Корнюха просился на вылазку вместе со всеми, но Сергей и думать не велел.
— Кто знает, как дело повернется. Может, придется рысью уходить. Куда тогда с тобой? Оставайся уж тут, комендантом крепости и часовым при Палашке.
Пришлось Корнюхе скрепя сердце остаться при Палашке. Раньше это, может-быть, в какой-то доле вознаградило бы его. Теперь же смотреть на нее одна мука, разговаривать с ней — того горше.
С того дня, как вернулся в слободу Санька Перевалов, никого, кроме Саньки, она и не замечает. Весь белый свет застил. Потому и в тайгу с отрядом подалась...
Но тут Корнюха вспомнил, как Палашка, не боясь карателей, пробиралась тайком на остров, как ночами бесстрашно бегала связной по притихшей слободе, и ему стало стыдно, что в своей ревности он так несправедлив...
А все-таки дура она!.. Что в нем такого?.. Что гармонист, да плясун, да песенник? Это, что ли, главное в жизни?.. Плясать он мастак. Да зато и верченый! Еще бы! Все девки за ним, как привязанные. Да и бабы глаза запускают. Сам хвастается: сызмальства превзошел науку страсти нежной... Подумаешь, герой...

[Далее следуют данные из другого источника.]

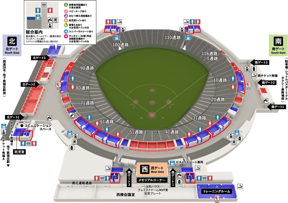 まずは、大和ハウスプレミストドーム(札幌ドーム)公式HPの座席表を参考に、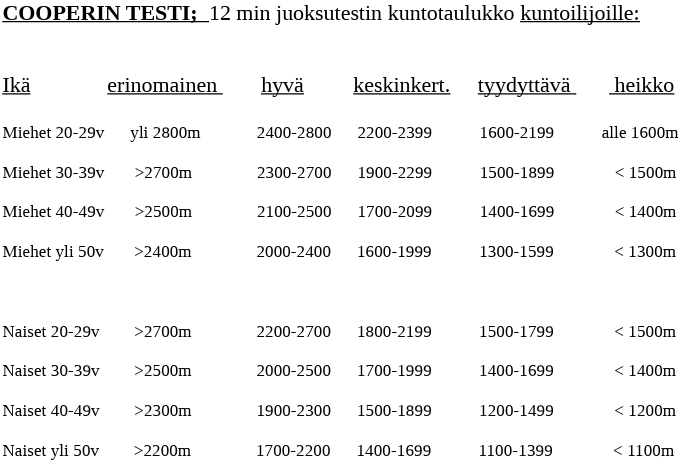 Yleisesti käytetty suomalainen Cooper-testin viitearvotaulukko, joka perustuu: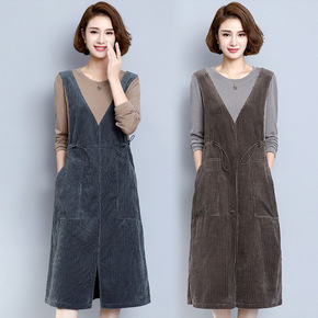 大码女装秋冬季日韩新款灯芯绒拼接毛衣显瘦时尚减龄法...
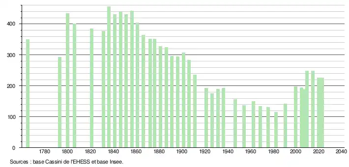 - ↑ Fiches Insee - Populations de référence de la commune pour les années 2006, 2007, 2008, 2009, 2010, 2011, 2012, 2013, 2014, 2015, 2016, 2017, 2018, 2019, 2020, 2021 et 2022.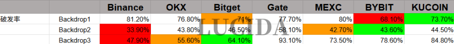 结果显示,Binance 在控制破发率上展现了老大哥的稳健,通常保持最低。Bitget 与 Bybit 同样表现可靠。而 Gate 在三次评比中均未进入前三,需要打新的你多一份警惕。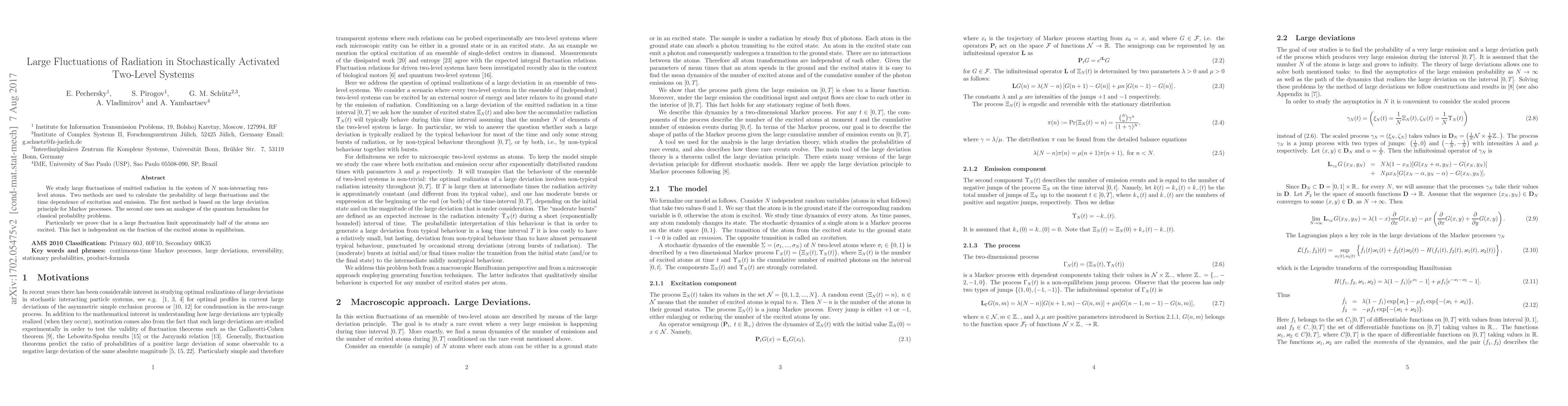This paper investigates large fluctuations in radiation emitted by $N$ non-interacting two-level atoms using two methods: the large deviation principle for Markov processes and a classical analogue of quantum formalism. It finds that in the large fluctuation limit, roughly half of the atoms are excited, regardless of the stationary state fraction of excited atoms.

И опять Корнюха попрекнул себя. Окромя, что верченый, худого про Саньку не скажешь. И в работе никому не уступит, и в бою за чужую спину не спрячется. Нешто он виноват, что ему на все такой талант отпущен...
Не на все!.. Хоть и хвастает он своей наукой, не сумеет он так любить Палашу... Там сумеет не сумеет — она-то любит... Как ни раскидывай умом, а кругом нет правды. Кому — с верхом, да через край, а кому — хоть бы на донышке. На что ему Палаша?.. Которая она у него по счету будет?.. А тут вот была бы одна на всю жизнь... Где же она, правда-то?..
Эти свои мысли Корнюха не высказывал Палашке. Но она по глазам читала их. Раньше она не брала всерьез Корнюхиной влюбленности. Мало ли что. Ну, пытается поухаживать. Дак все они, парни, таковы. Ни один мимо красивой девки не пройдет. И, как с другими, так и с Корнюхой, и шутила и пересмеивалась. Но ни разу не дала себе труда хотя бы попытаться заглянуть ему в душу.
А теперь поняла. Поняла, что творится в Корнюхиной душе. Поняла и пожалела. Но и только. Да и пожалела-то не очень. Впору было себя жалеть...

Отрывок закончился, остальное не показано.